Joey Garcia

My best friend of eight years and I are drifting apart. That’s bad enough, but this is worse: She is friends with all of the same people that I’m friends with. I feel like I’m getting shut out. I never saw it before, but she is the person everyone wants to hang out with, not me. I guess I was lucky because she always used to invite me along. What can I do so that I don’t lose everyone?

Try to stop worrying that you are losing everyone. Worrying is a distraction from the real work of loving yourself and your friends through this difficult situation. The need to belong is deeply ingrained in every human being. Historically, this sensibility saved us from expulsion from the tribe, family or society that made physical survival easier. The need to belong has also imbued us with a tendency to overreact to signs of potentially not belonging. And that means we sometimes flinch at the slightest shift in people’s attitude toward us. I know I have done this; I bet you have, too.

Try this reflection exercise: Sit quietly and invite images of times with friends to play across your mind. Do you see yourself saying or doing something that pushes friends away? In day-to-day living it’s easy to ignore or dismiss subtle signs of a friend’s discomfort or weakening patience. But noticing their responses to your words or behavior may help you to understand their pullback. Please note that I am suggesting you notice your behavior. Don’t criticize or blame yourself. If you start cringing at things you said or did, stop. Forgive yourself, and when the timing is right, apologize to your friends. Doing so may not stop these relationships from going sideways, but you will grow in self-confidence, and that is worthwhile.

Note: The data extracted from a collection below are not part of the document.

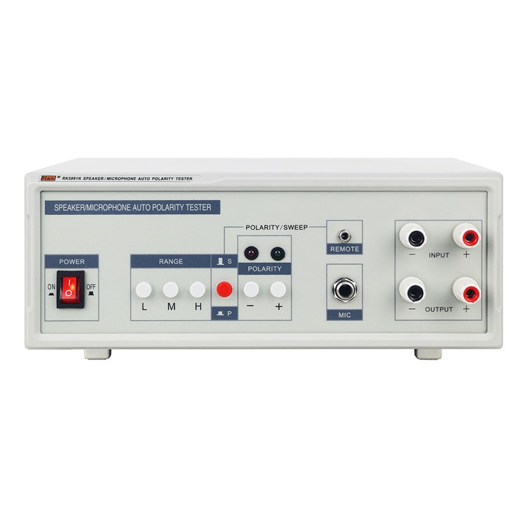 RK5991N話筒極性測(cè)試儀能全自動(dòng)快速判別任何型式、尺寸、材質(zhì)、阻抗之揚(yáng)聲器耳機(jī)、動(dòng)圈受話器的正負(fù)極性。儀器操作簡單,絕無誤判,全自動(dòng) LED 或報(bào)警指示,儀器采用最新脈沖式自動(dòng)快速測(cè)定法,在流水線上同時(shí)檢測(cè)揚(yáng)聲器的純音度指標(biāo)。
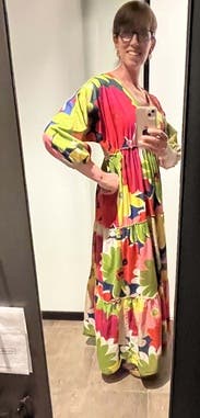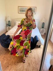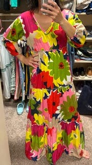 I think I got this in one size too large! It’s a great pattern, really colorful and fun. But it seemed unflattering bc there was so much material! I didn’t end up wearing it outside the house.
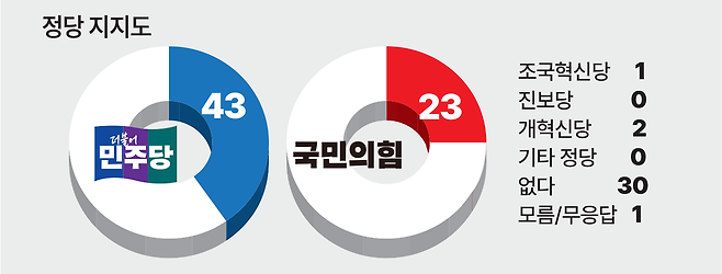 [경기도지사 여론조사] 정당 지지도… 민주 43%vs국힘 23%
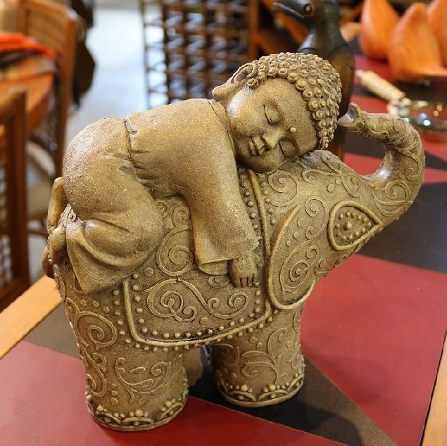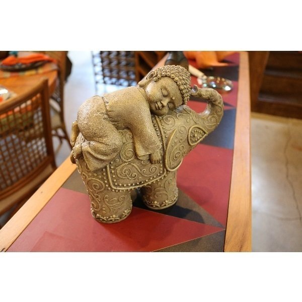 Decoração escultura buda e elefante em resina.
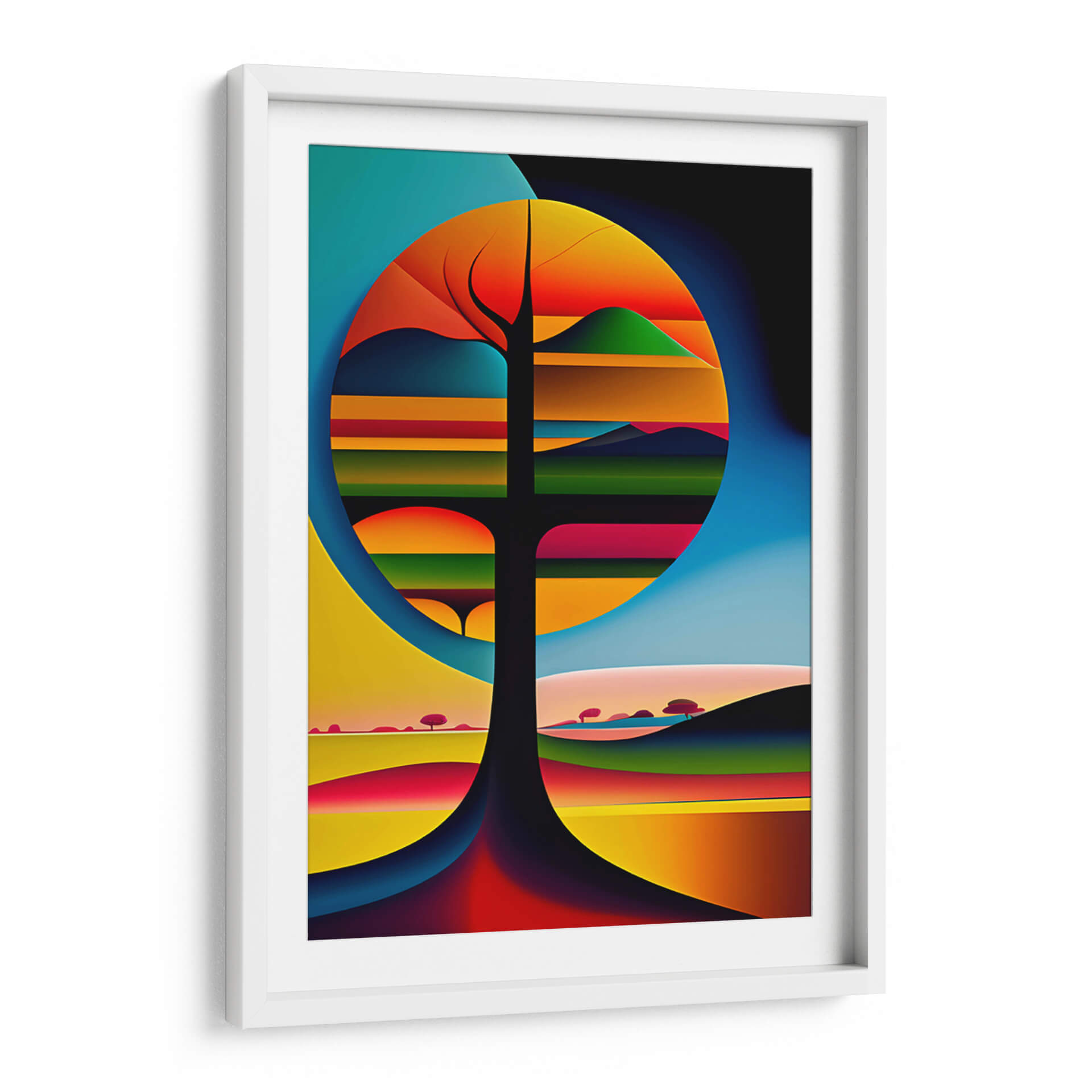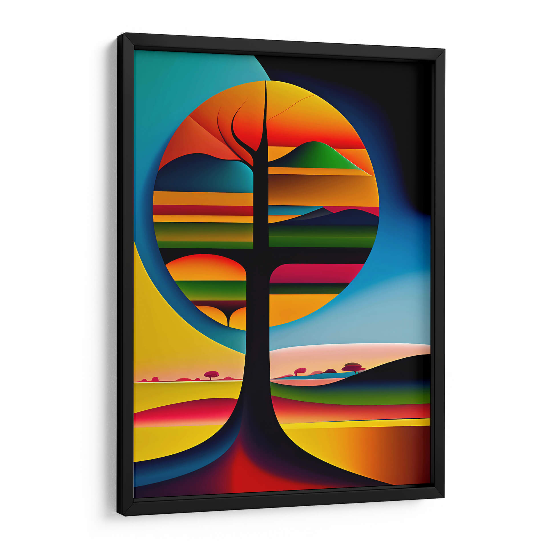 Sumérgete en la enigmática belleza del "Árbol de Vida Surrealista", una obra maestra de arte digital que trasciende la realidad para explorar las profundidades de la imaginación. Esta pieza cautiva con su vibrante paleta de colores, que transita desde el azul profundo del cielo hasta los cálidos tonos anaranjados y rojizos que sugieren un atardecer místico. La composición, liderada por la figura central de un árbol estilizado, se desdobla en un paisaje onírico donde formas geométricas y bandas de color evocan un mundo paralelo. Los elementos surrealistas se entrelazan de manera fluida, creando una sensación de misterio y expansión. Cada línea y cada matiz invitan a la contemplación, transformando este cuadro decorativo en un portal hacia un universo de fantasía y simbolismo. Ideal para salones modernos, estudios creativos u oficinas que buscan inspirar y provocar la conversación, esta obra de arte contemporáneo es perfecta para quienes aprecian la originalidad y la profundidad emocional en su decoración. Añade un toque de intriga y sofisticación a tu espacio con este lienzo que promete ser un punto focal inolvidable, estimulando la creatividad y la reflexión en cada observador.
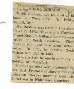 | Survived By | Brother, Clyde Robbins of Frankfort. |
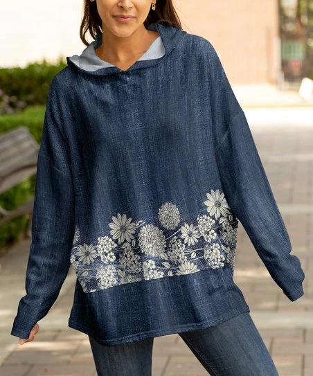 Ease through the day in this relaxed hoodie featuring a fun pattern and a dose of stretch.
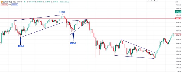 包括当时底部在25000到26000低点的几个看涨的楔形 其实他后面都是回到了起跌的位置 也就是当看涨的楔形上去了之后肯定会穿过这个高点 其实在底部的位置就是这样子 低点的位置主力不断的利用这种看涨楔形的形态 或者是不断的在打压 从而让散户们把筹码交给主力

Of course, the distancing may have nothing to do with you. Sometimes relationships run their course. We can do nothing about their demise. The good news is that loss leads to new life. You may feel pain now, but it will subside. Yes, it will. Believe me. In the meantime, reach out to new people and develop fresh friendships. Try not to compare these fledgling relationships with your friend group. Instead, enjoy each person as he or she is.

What do you think it means to be truly happy with your life? And what do you do if you are just unhappy?

True happiness is the art of accepting my life and my limitations while also embracing my capacities for spiritual growth, passion, service, play, joy, personal power, limitlessness and creation. In other words, happiness is rooted at the intersection of being fully human and becoming divine. It is not about materials things, but it is about substance. What we call happiness is more often a spike in pleasant emotions. Pleasure, contentment or satisfaction (all versions of “happy”) can be inspired by discovering greater meaning for our lives or from being recognized and valued. Personality also contributes to our experience of happiness. It is easier for an idealist, optimist or realist to be happy than for a pessimist or cynic.

Personal strength and interpretations of loyalty are factors, too. A person who submits to a lifestyle that does not fit but draws the approval of others is less happy than someone who lives from the core of who they are but lacks the approval of others. If you are unhappy, find what brings you fully alive and give yourself to it. Don’t look to status symbols. Look to the arts, social justice or other vital ways of contributing to the world. A psychotherapist or spiritual director can help you shed unhappiness and find the path back to joy.

Meditation of the week
“Laziness is nothing more than the habit of resting before you get tired,” wrote the French author Jules Renard. Do you schedule time for meditation, silence and reflection every day?